╭─ Extracted entries

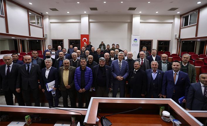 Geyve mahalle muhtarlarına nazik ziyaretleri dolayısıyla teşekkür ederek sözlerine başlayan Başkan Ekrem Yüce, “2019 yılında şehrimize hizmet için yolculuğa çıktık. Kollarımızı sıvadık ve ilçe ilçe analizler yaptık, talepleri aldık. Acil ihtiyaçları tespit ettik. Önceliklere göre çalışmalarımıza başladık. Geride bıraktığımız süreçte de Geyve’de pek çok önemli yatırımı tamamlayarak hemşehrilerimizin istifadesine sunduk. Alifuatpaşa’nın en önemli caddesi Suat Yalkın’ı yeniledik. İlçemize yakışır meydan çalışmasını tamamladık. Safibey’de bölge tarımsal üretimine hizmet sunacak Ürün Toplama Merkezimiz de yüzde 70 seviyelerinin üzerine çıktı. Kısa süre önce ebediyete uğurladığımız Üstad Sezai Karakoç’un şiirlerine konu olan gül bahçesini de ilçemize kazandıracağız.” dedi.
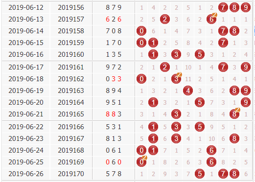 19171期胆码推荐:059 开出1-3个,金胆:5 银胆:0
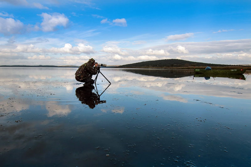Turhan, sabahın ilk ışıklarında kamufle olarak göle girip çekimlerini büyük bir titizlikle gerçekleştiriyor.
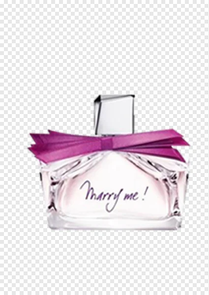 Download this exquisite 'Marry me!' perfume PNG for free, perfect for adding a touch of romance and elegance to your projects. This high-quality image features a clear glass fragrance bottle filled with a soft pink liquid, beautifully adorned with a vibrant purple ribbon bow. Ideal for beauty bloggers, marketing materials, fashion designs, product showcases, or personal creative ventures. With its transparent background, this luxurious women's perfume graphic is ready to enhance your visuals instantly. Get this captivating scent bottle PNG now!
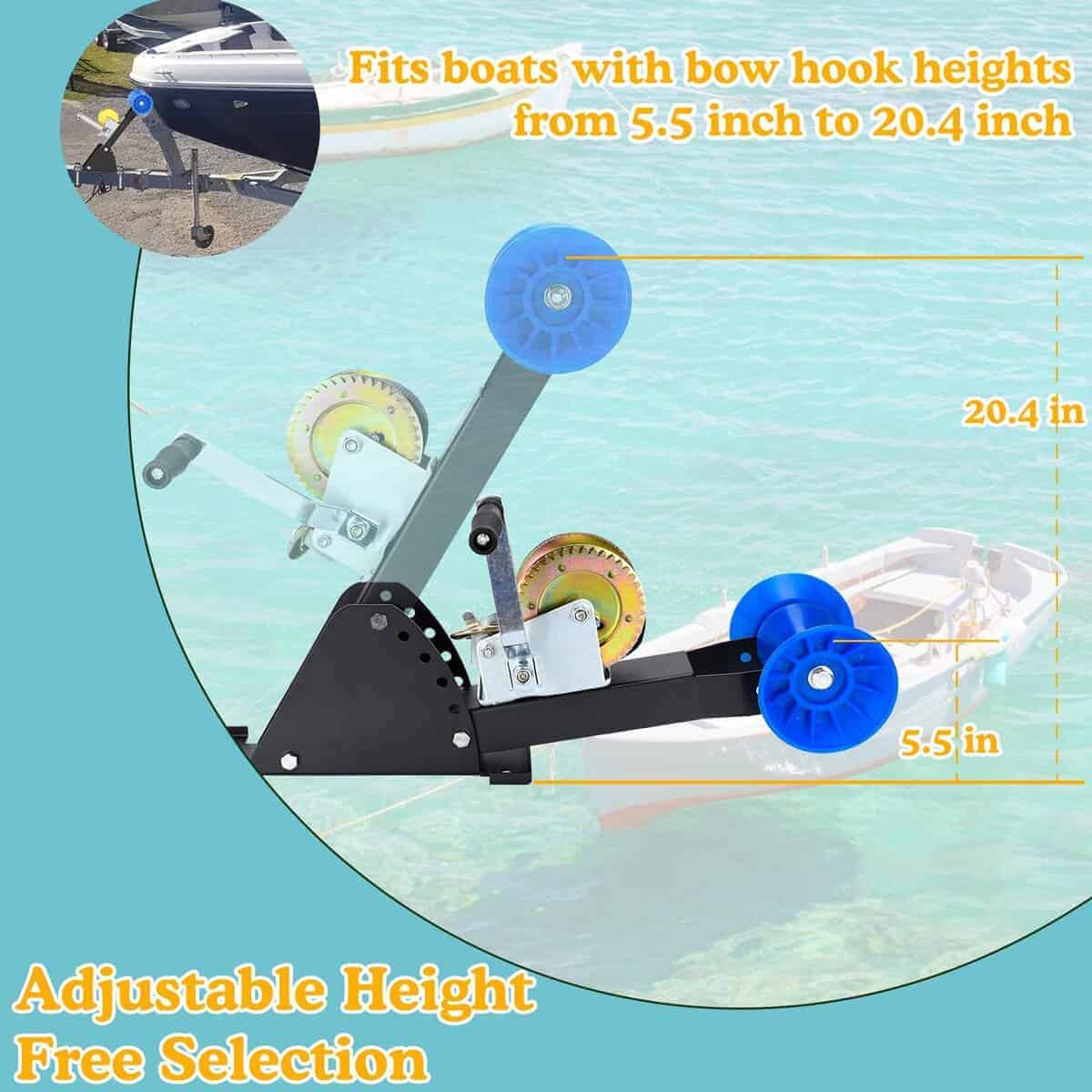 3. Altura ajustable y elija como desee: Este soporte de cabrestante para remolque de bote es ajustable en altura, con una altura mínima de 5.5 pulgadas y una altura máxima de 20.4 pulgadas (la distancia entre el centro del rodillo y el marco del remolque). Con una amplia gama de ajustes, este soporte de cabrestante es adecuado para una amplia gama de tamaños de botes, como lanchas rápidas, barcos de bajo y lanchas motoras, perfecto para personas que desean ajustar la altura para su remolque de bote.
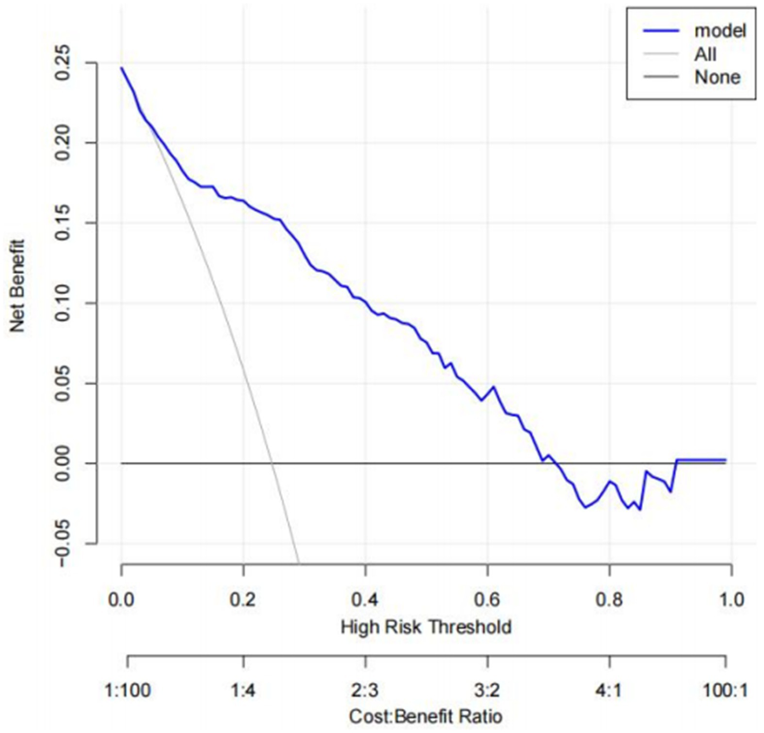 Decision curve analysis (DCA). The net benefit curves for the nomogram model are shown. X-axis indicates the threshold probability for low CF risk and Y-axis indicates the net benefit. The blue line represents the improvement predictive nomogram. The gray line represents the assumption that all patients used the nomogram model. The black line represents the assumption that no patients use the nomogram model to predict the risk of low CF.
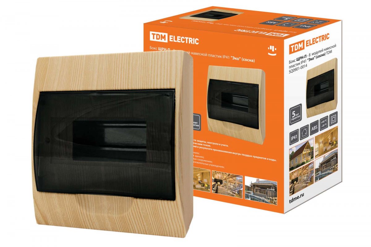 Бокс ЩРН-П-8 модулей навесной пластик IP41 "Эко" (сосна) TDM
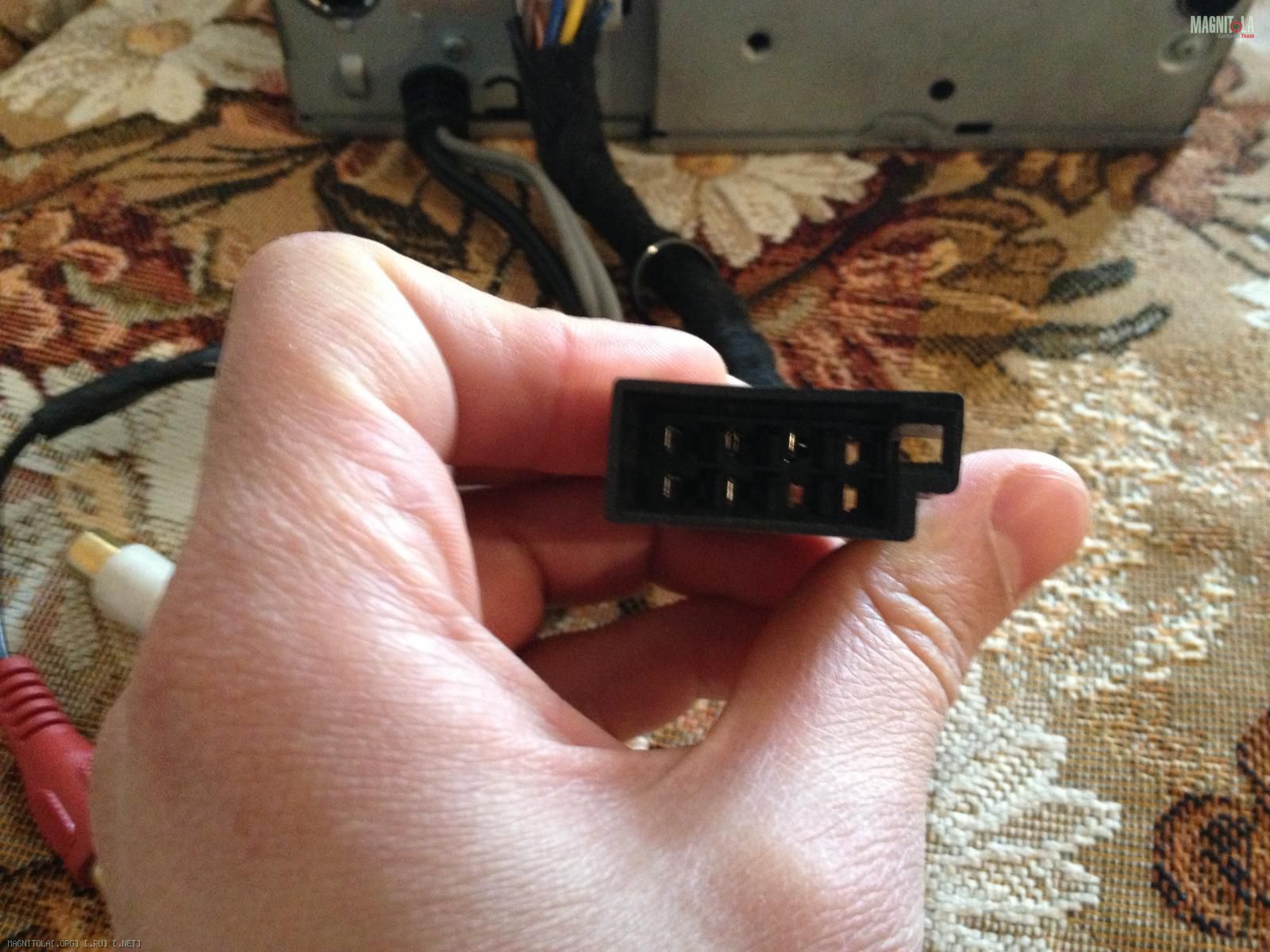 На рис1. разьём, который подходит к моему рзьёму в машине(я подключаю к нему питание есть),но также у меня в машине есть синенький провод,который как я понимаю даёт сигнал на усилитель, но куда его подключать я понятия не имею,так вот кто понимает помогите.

╰─

Assignment
Above are the records; copy from them only the lines starting at the one containing "19171期胆码推荐:059 开出1-3个,金胆:5 银胆:0" and ending at the one containing "Turhan, sabahın ilk", exactly and without pictures.

Finished task
 19171期胆码推荐:059 开出1-3个,金胆:5 银胆:0
Turhan, sabahın ilk ışıklarında kamufle olarak göle girip çekimlerini büyük bir titizlikle gerçekleştiriyor.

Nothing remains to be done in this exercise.